The German leather tapestries are visually grotesque; depicting muscled putti, outlandish flowers, and food, all of which have rotted with the animal hide over time. The faux leather wallpapers capture the American desire to possess the grandeur of Europe. Too expensive for the average middle class home, affordable substitutes for leather were developed; made of compressed linseed oil in England and of thick paper embossed by carved cylindrical rollers in Japan. These attempts at replication resulted in the creation of completely new forms of craft, an act of simultaneous appreciation, rejection, and improvement of history.
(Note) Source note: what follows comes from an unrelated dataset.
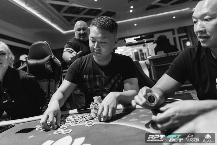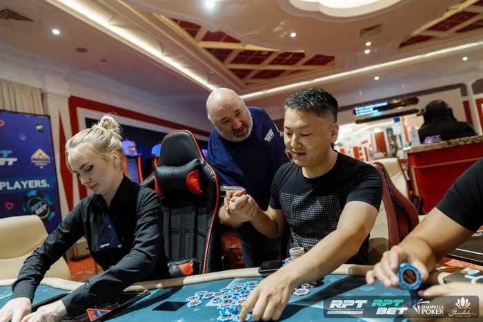Следующим был Янг Джиалин: выставились на флопе в 3-бет банке. Инна с сетом , Янг — .

By referencing fragments of history as conveyed by these artifacts, a new narrative is formed that validates the desire to remake objects by hand that have been traditionally made with certain methods. This theme is both an important characteristic of my studio practice and of the Dieu Donné mission. My sculptures are usually created through laborious methods that glorify, through contemporary means, the antiquated notion of the skilled decorative arts craftsman. Paper, my medium of choice, is an inaccurate, seemingly impossible means of creating a three dimensional object and the results have a certain awkwardness. The work presented here, developed and created with the help of Dieu Donné, visually embodies inaccuracy, becoming a physical manifestation of broken and flawed history.
— Meghan Gordon, 2011
In the Studio
About the Artist
Meghan Gordon (b. 1985, New York) received a BFA from the Rohde Island School of Design. Gordon is a Los Angeles-based artist whose recent projects explore thoughts on subjectivity, collaboration, and performance documentation. In addition to a studio based practice, Gordon operates a bar sometimes called some times. She also recently been involved with Studio Cooking a collaboration with Arden Surdam, a social group known as Clay Night, a lecture+dinner series called In-n out, and an unofficial residency program at a private art school called locksmith, Inn. Gordon is also a member of neverhitsend, a collective that performatively researches communications ideology.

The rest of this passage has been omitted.